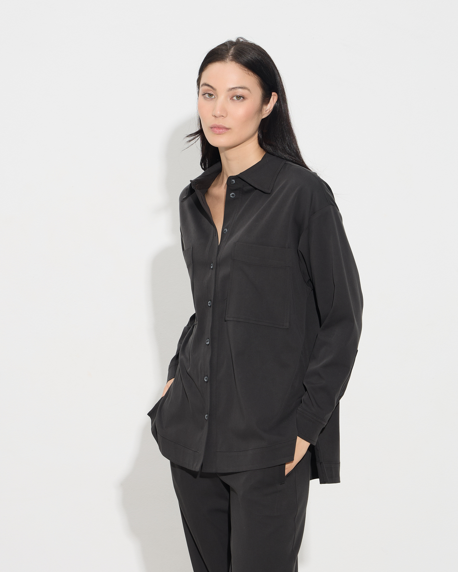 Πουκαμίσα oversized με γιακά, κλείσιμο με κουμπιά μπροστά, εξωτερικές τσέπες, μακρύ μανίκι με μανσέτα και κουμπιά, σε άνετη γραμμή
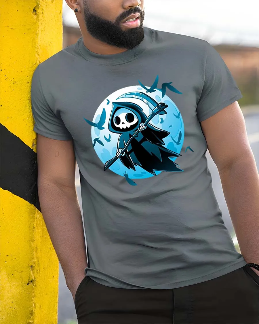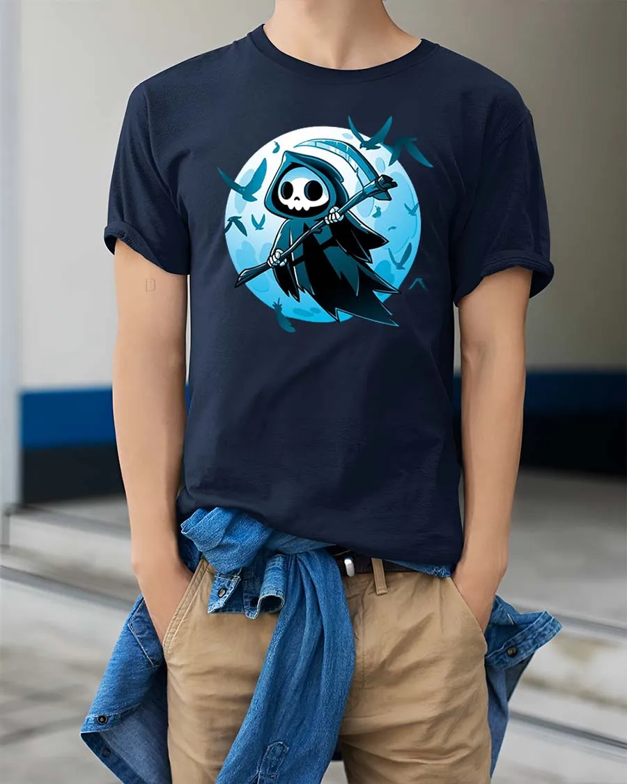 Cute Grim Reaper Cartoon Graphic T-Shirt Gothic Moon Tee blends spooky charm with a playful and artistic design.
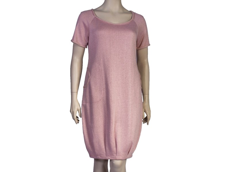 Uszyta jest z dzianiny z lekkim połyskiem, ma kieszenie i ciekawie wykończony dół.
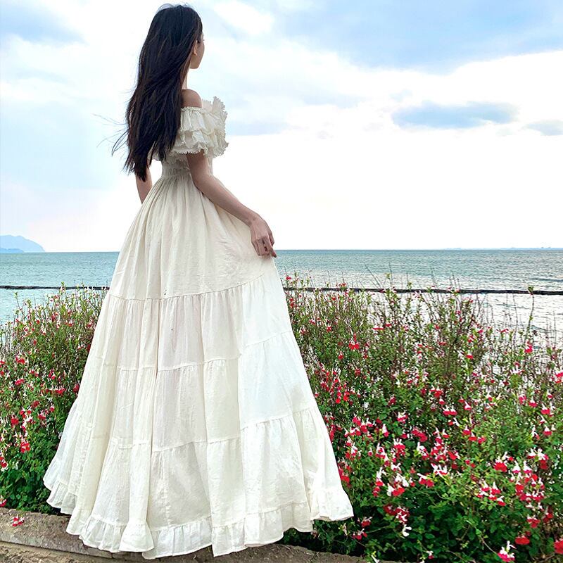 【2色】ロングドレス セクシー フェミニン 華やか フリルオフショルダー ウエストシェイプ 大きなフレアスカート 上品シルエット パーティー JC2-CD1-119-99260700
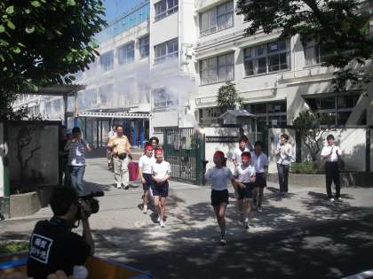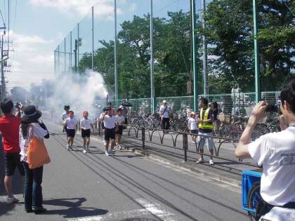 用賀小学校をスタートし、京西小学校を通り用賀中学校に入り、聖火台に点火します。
- - - - -
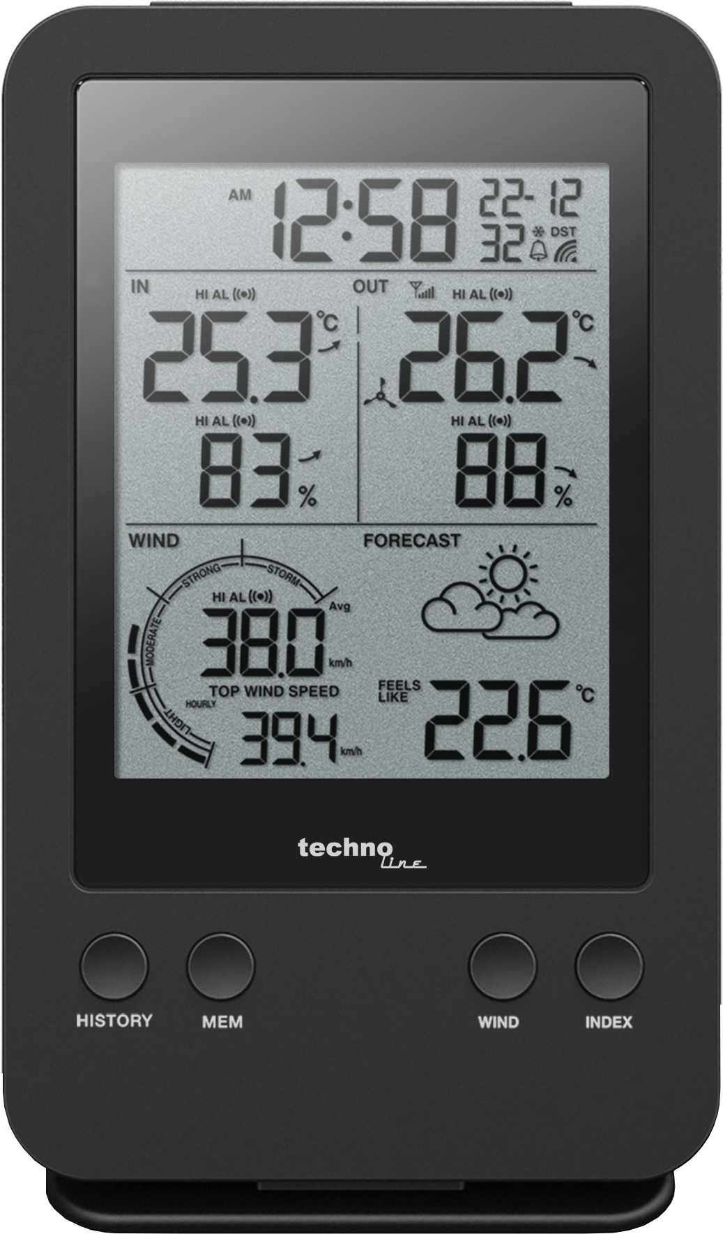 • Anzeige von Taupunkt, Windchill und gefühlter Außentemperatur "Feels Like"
- - - - -
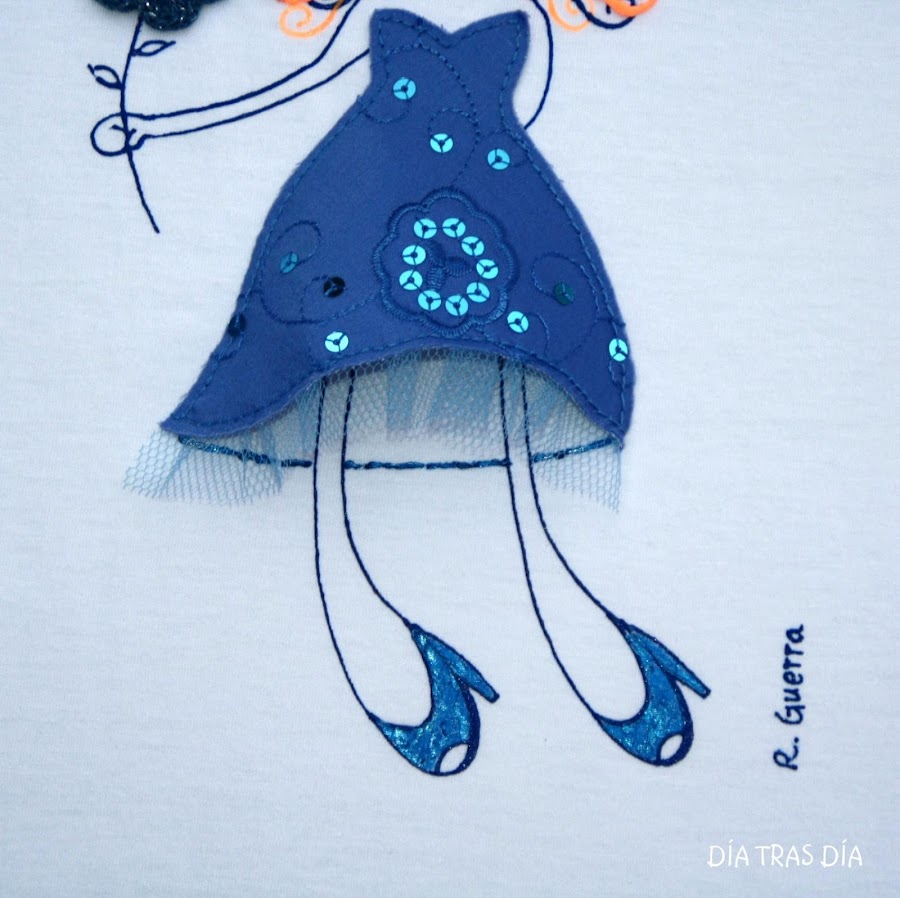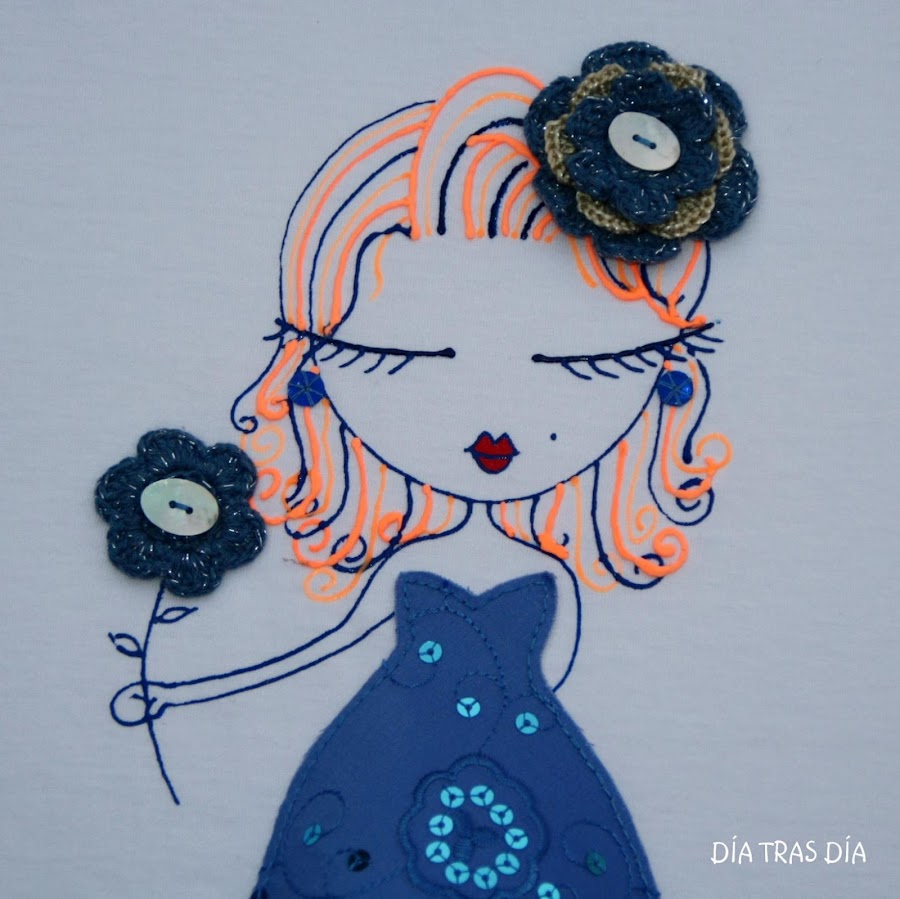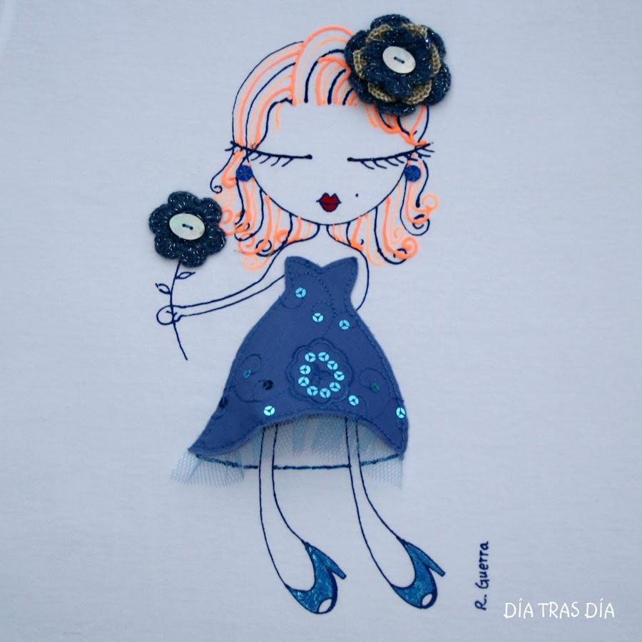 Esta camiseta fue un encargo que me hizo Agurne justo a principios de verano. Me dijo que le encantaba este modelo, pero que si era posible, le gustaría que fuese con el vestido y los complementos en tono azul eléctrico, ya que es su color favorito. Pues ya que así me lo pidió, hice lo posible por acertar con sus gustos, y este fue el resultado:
- - - - -
◆ ABOUT THIS EXERCISE:
Each line above starting at the one holding "上品シルエット パーティー JC2-CD1-119-99260700" and ending at the one holding "用賀小学校をスタートし、京西小学校を通り用賀中学校に入り、聖火台に点火します。" should be set down exactly as it stands, both ends included, with no pictures.

◆ EXERCISE SOLUTION:
 【2色】ロングドレス セクシー フェミニン 華やか フリルオフショルダー ウエストシェイプ 大きなフレアスカート 上品シルエット パーティー JC2-CD1-119-99260700
 用賀小学校をスタートし、京西小学校を通り用賀中学校に入り、聖火台に点火します。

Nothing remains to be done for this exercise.